- **Description of the task**: Would you print the listing that follows exactly, but without its pictures?

- **Data provided**:
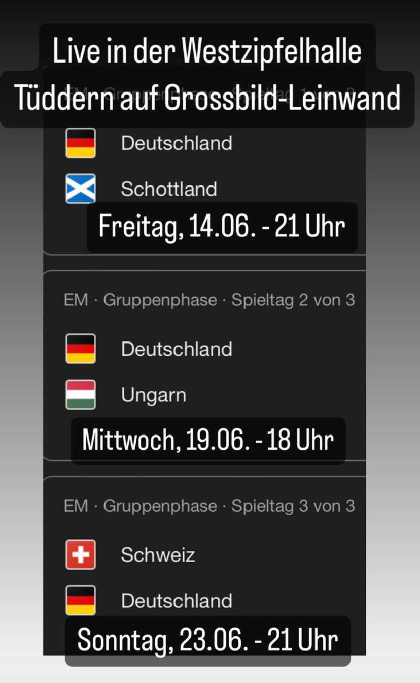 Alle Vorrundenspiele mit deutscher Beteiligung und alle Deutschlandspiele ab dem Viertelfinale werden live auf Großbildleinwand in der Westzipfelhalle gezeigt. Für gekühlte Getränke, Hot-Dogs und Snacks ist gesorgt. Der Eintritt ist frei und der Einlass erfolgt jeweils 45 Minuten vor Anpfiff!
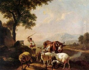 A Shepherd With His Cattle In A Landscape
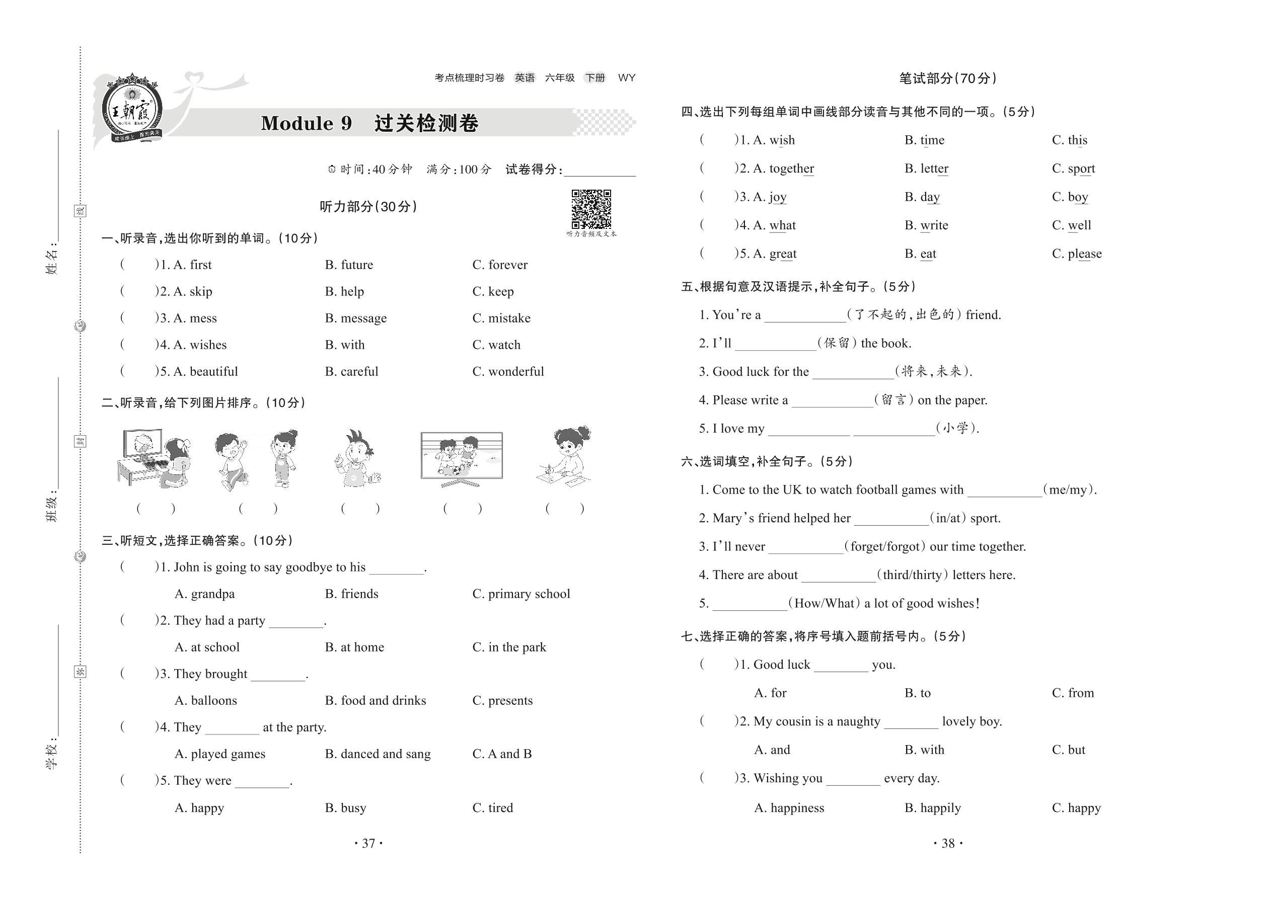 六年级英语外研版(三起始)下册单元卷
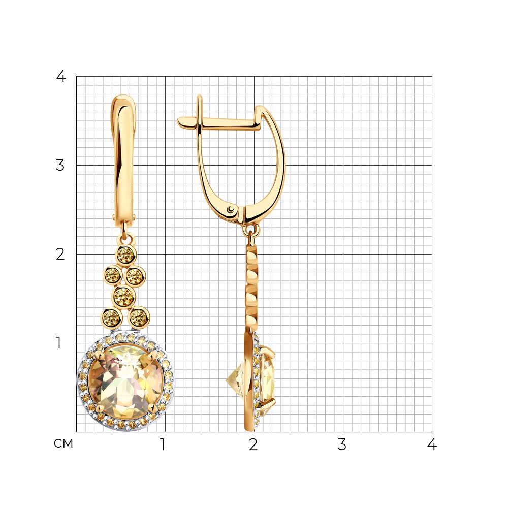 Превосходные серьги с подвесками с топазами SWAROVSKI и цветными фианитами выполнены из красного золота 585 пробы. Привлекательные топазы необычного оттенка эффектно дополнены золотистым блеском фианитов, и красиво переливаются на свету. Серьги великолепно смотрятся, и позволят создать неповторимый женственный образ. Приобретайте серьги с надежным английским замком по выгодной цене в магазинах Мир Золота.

- **Written answer**:
 Alle Vorrundenspiele mit deutscher Beteiligung und alle Deutschlandspiele ab dem Viertelfinale werden live auf Großbildleinwand in der Westzipfelhalle gezeigt. Für gekühlte Getränke, Hot-Dogs und Snacks ist gesorgt. Der Eintritt ist frei und der Einlass erfolgt jeweils 45 Minuten vor Anpfiff!
 A Shepherd With His Cattle In A Landscape
 六年级英语外研版(三起始)下册单元卷
 Превосходные серьги с подвесками с топазами SWAROVSKI и цветными фианитами выполнены из красного золота 585 пробы. Привлекательные топазы необычного оттенка эффектно дополнены золотистым блеском фианитов, и красиво переливаются на свету. Серьги великолепно смотрятся, и позволят создать неповторимый женственный образ. Приобретайте серьги с надежным английским замком по выгодной цене в магазинах Мир Золота.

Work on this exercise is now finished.